Dünya
kavramına en çok anlam katan insanlık ideasının temelinde, insanoğlunun ilk
günü ile birlikte yüzyıllardan beri süregelen iyi ve kötünün savaşımı
kendini çeşitli kulvarlarda ortaya çıkarmaktadır.
Ve her daim
değişimin kaçınılmazlığında yaşanan hayat sürekli ilerlemekte, mevcut imkânlara
yenileri eklenip kişilerin tercihlerine sunulmakta…
Bugün
bulunduğumuz çevrede her alanımıza sirayet etmiş olan bilgisayar vb. teknolojik
ürünler evlerde, bankalarda, avmlerde, karakollarda, devletin stratejik
kurumlarında ve daha birçok alanda vazgeçilmez hale gelmiş, internetin salt bir
çevreyle değil dünya çapında yaygınlık kazanmasıyla mekân kavramı bir anda
ortadan kalkmış ve tüm bu bilgi aktarımı bir tuşa basmaktan ibaret olmuştur.
Lakin
insanlığın hizmetine takdim edilen bu sistem yararının ve zararının
belirlenmesi hususunda kullanıcısının verdiği yöne amennadır.
Bunun
akabinde topluluk halinin nüfuz ettiği her noktada kendine yer bulan politika sanal ortamlarda da işlevselliğini devam ettirmektedir. Tüm hakkaniyetle teknoloji politikayı sevdi. Ancak bu
gelişmelerden kitleler pozitif anlamda yararlandıkları gibi siber terörizm adı
altında organize suç örgütleri, terör örgütleri de bu sistemi yakından takip
ederek hem kazançlarını arttırıp hem de geleneksel suç türlerinin dışında
marjinal suç türleri ortaya çıkardılar.
Globalleşmenin
ve küresel egemenlerin karanlık yüzü olarak adlandırabileceğimiz bu
gerçek toplumsal huzur ve barışı olduğu kadar ulusal güvenliğimizi de ciddi
şekilde tehdit altına sokabilmektedir.
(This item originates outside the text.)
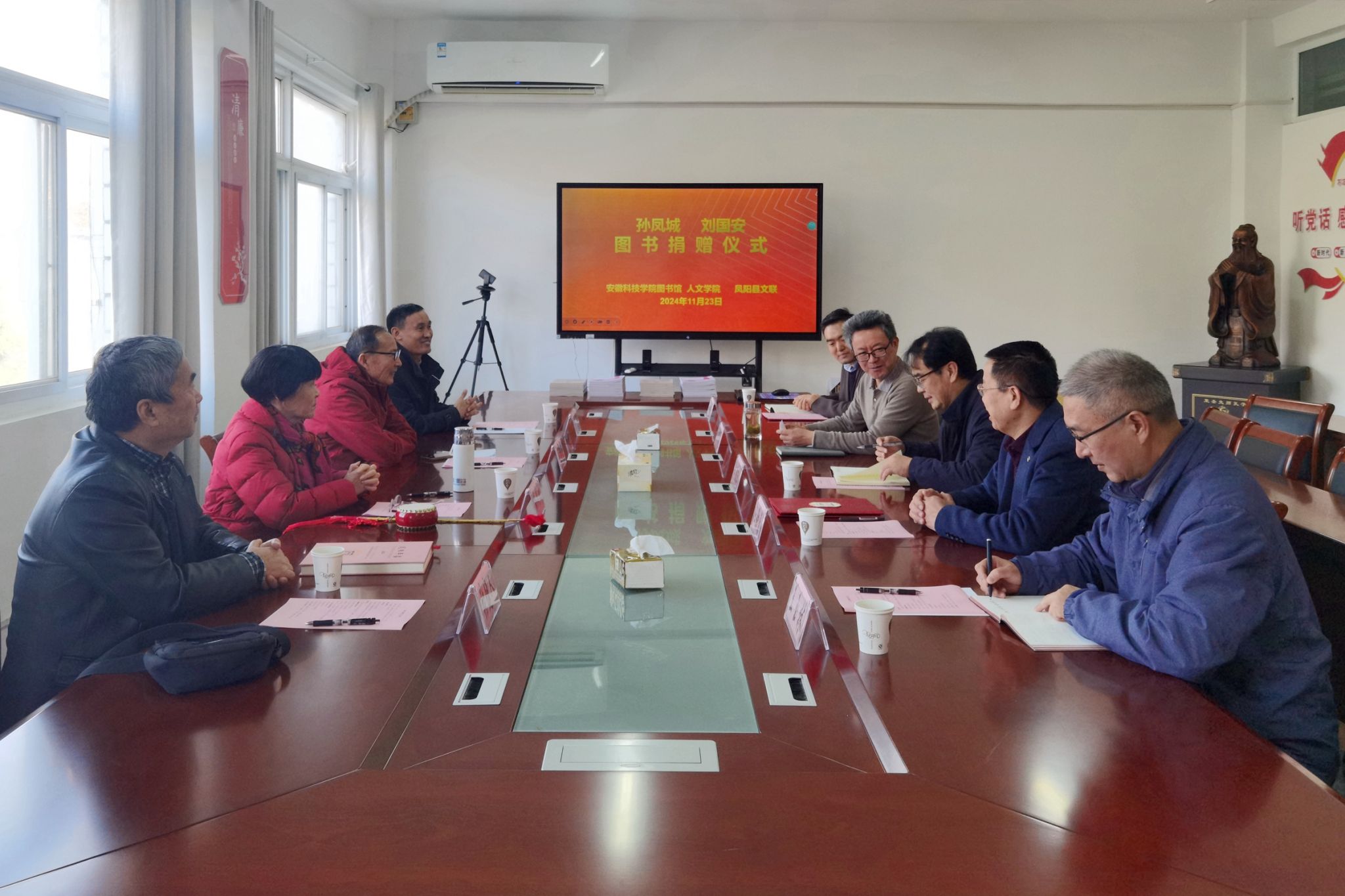 国家级非物质文化遗产项目(凤阳花鼓)代表性传人孙凤城夫妇来校举行图书捐赠仪式

Bunlara verilebilecek en bariz örnekler;
içeriğinde ırkçı, bölücü propagandadan bomba yapımına, kişilerin özel hayatını
rencide eden pornografik görüntüden kumar sitelerine, iktidarlara karşı
toplumu, muhalifliği yıldırmadan baskı altına tutmaya kadar daha nice
maksatlarla kullanılır hale gelmiştir.
Siber
terörizmin yanı sıra bilgi çağının karşı konulamaz ivmesinden politika
olgusu da yararlanmakta. İşlerini ve de amaçlarını medyanın (tv,
internet, gazete, dergi...) yanı sıra gençlerin fazla mesai yaptığı sosyal
paylaşım sitelerinden yürütmektedir. Bıçak sırtı konumundaki bu olayın
zararlarının yanında yararlarını görüyor ve tarihe tanıklık ediyoruz. Buna
verilebilecek en güzel örnek: Afganistan’a dair 90 binden fazla gizli
Amerikan belgesini yayınlayarak uluslararası bir depreme yol açan ve aynı
zamanda farklı kesimlere hitap edip insanları düşünmeye iten Wikileaks sitesinin kurucusu ve yayın yönetmeni Julian Assange’dır.
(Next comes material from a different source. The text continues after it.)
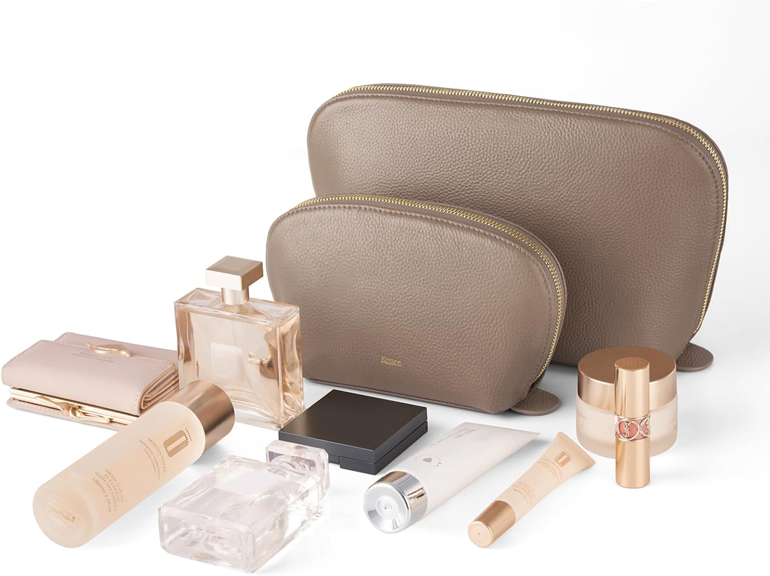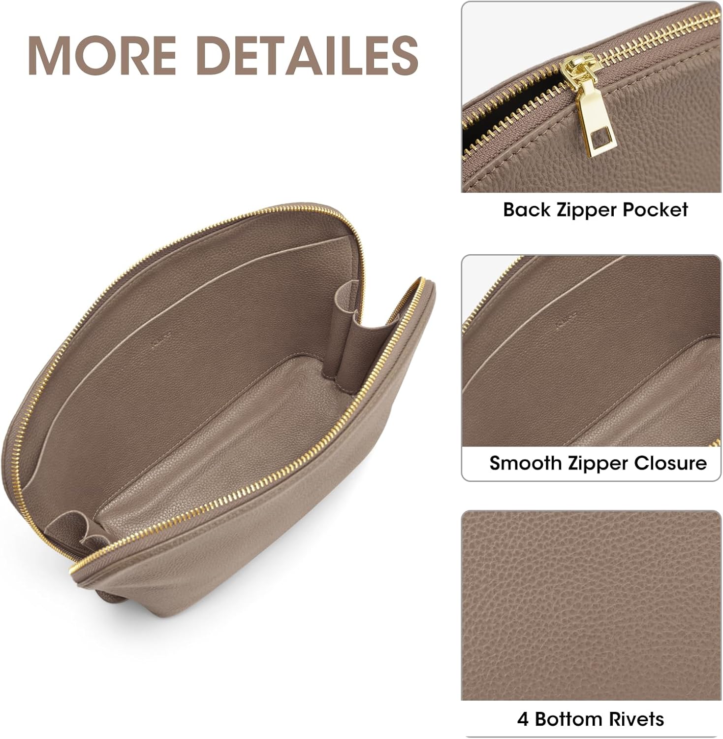 The Elites series showcases our commitment to quality and craftsmanship. Each bag, made from premium Top Grain Pebbled Cowhide Leather with gold-tone hardware and strong stitching, ensures durability and minimalist elegancenMeasuring 8.7 (L) x 3.0 (W) x 5.1 (H) inches for the medium makeup bag and 12.2 (L) x 3.9 (W) x 7.1 (H) inches for the large makeup bag, these bags feature one main compartment and one slot pocket. The leather lining is easy to wipe clean, ensuring convenience and elegancenThe leather makeup bag is the ultimate accessory for any occasion. It can also serve as a toiletry bag, clutch, or tote organizer, ensuring you always step out in style. A must-have addition to every fashion-forward woman’s collectionnSearching for the ideal gift? The designer leather makeup bags are perfect for Christmas, birthdays, anniversaries, or any special event. Delight your loved ones with a present that embodies style, quality, and functionalitynWe stand by the quality of our Elites series bags with a 1-year warranty. If you have any questions or are not satisfied with our products or services, please reach out to us via email for assistance

Kendisinin bu sayede hackerlıktan gazeteciliğe de geçtiğini düşünenler de var.
O neden bunları internet aracılığıyla yaptığını ise şöyle açıklamıştır :
“Geleneksel medyanın yayınladığı dosyalar sonucu tazminat ödemek zorunda kalmak
gibi sıkıntılar yaşanabildiğini, internetinse bu konuda avantaj sağlamasıdır.”
İnternetin bir başka avantajı ise ülkemizi de yakından
ilgilendiren, hayli revaçta olup yavaşça da gelenekselleşecek bir yöntem.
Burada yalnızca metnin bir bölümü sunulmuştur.